Convinced that the secrets to curing childhood diseases lie tucked away in the long, twisting labyrinth of the human genome, scientists at St. Jude Children’s Research Hospital built a cloud-based platform to share and make readily available genomic data that otherwise could take months to download.
St. Jude Cloud, launched nearly three years ago, reaffirmed St. Jude’s foundational pledge to share its research with the world.
And in a recent article in the journal Cancer Discovery, St. Jude Cloud was described as “key to accelerating research to improve diagnostic precision, treatment efficacy, and long-term survival" when it comes to pediatric cancer and other childhood catastrophic diseases.
With new data added regularly, St. Jude Cloud now includes 12,000 whole genomes plus whole exome and whole transcriptome data from more than 10,000 childhood cancer patients and long-term survivors. Exomes are the part of the genome made up of portions of genes that code for amino acids, while transcriptomes are the full range of messenger RNA molecules expressed by an organism.
The platform also contains genomic data from more than 800 children with sickle cell disease, another catastrophic affliction that has been a focus of St. Jude research and treatment since the hospital's founding in 1962.
St. Jude Cloud addressed the long-standing challenge of storing, managing and accessing the massive amount of data generated by gene sequencing. Keeping the data in the cloud means researchers can avoid the protracted, sometimes months-long process of downloading data to a computer.
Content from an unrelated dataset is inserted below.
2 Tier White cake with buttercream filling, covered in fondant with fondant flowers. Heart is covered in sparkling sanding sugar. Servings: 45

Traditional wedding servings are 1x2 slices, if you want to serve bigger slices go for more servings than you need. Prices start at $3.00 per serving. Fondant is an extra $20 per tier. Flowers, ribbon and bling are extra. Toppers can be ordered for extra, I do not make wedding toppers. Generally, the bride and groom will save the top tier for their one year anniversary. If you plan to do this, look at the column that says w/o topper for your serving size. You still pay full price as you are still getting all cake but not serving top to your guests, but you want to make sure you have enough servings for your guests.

All told, St. Jude Cloud contains 1.25 petabytes of raw and published harmonized data — an amount equal to the data contained in more than 200,000 DVD-quality movies. Its three interconnected applications allow users to seamlessly explore, analyze and visualize data.
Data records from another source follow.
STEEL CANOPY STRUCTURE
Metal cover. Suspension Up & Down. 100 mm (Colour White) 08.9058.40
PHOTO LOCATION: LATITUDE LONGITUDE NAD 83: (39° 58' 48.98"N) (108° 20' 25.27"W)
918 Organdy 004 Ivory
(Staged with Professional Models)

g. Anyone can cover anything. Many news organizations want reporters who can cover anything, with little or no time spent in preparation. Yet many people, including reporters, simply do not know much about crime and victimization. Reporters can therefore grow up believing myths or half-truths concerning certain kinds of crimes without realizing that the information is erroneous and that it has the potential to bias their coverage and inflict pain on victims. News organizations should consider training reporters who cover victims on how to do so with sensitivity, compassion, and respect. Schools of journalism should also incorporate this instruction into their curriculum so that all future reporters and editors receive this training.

“St. Jude Cloud is a treasure trove of data for the global scientific community, and its data-sharing ecosystem removes barriers to discovery by researchers in that community,” said Jinghui Zhang, Ph.D., chair of the St. Jude Department of Computational Biology.
Zhang, along with St. Jude president and CEO James R. Downing, M.D., and Keith Perry, chief information officer for the hospital, are corresponding authors of the research.
St. Jude scientists built the platform in partnership with DNAnexus and Microsoft as part of an effort to accelerate data sharing and research on pediatric cancer, which remains the leading cause of childhood death by disease in the U.S.
The research was funded as a St. Jude Blue Sky Initiative, an institutional program that supports transformational projects; Microsoft AI for Good program, and ALSAC, the fundraising and awareness organization for St. Jude.
Since 2018, when it debuted with 5,000 whole genomes and whole exomes, St. Jude Cloud has grown in size, scope and function.
“Data sharing is especially important for pediatric cancer, where more than half of patients have rare tumors driven by distinct mutations,” Zhang said. “These tumors are understudied because it is difficult to accumulate the necessary patient tumor samples."
About 10,000 users visit the site monthly. They can browse and explore both raw and published pediatric cancer data from St. Jude and other institutions around the world. Investigators also can upload their own data to study alongside St. Jude Cloud data sets.
Using the power of the platform, scientists have been able to classify 135 childhood cancer subtypes based on gene expression. Zhang and her colleagues also have employed the platform to study mutation rates and mutation signatures, or patterns, in 35 pediatric subtypes. The mutational signatures included ones associated with ultraviolet radiation and cancer therapy.
“The goal is to remove barriers and enable researchers with little to no formal computational training to perform sophisticated genomic analysis,” said Clay McLeod of St. Jude Computational Biology, who, along with Alexander Gout, Ph.D., of Computational Biology, is a first author.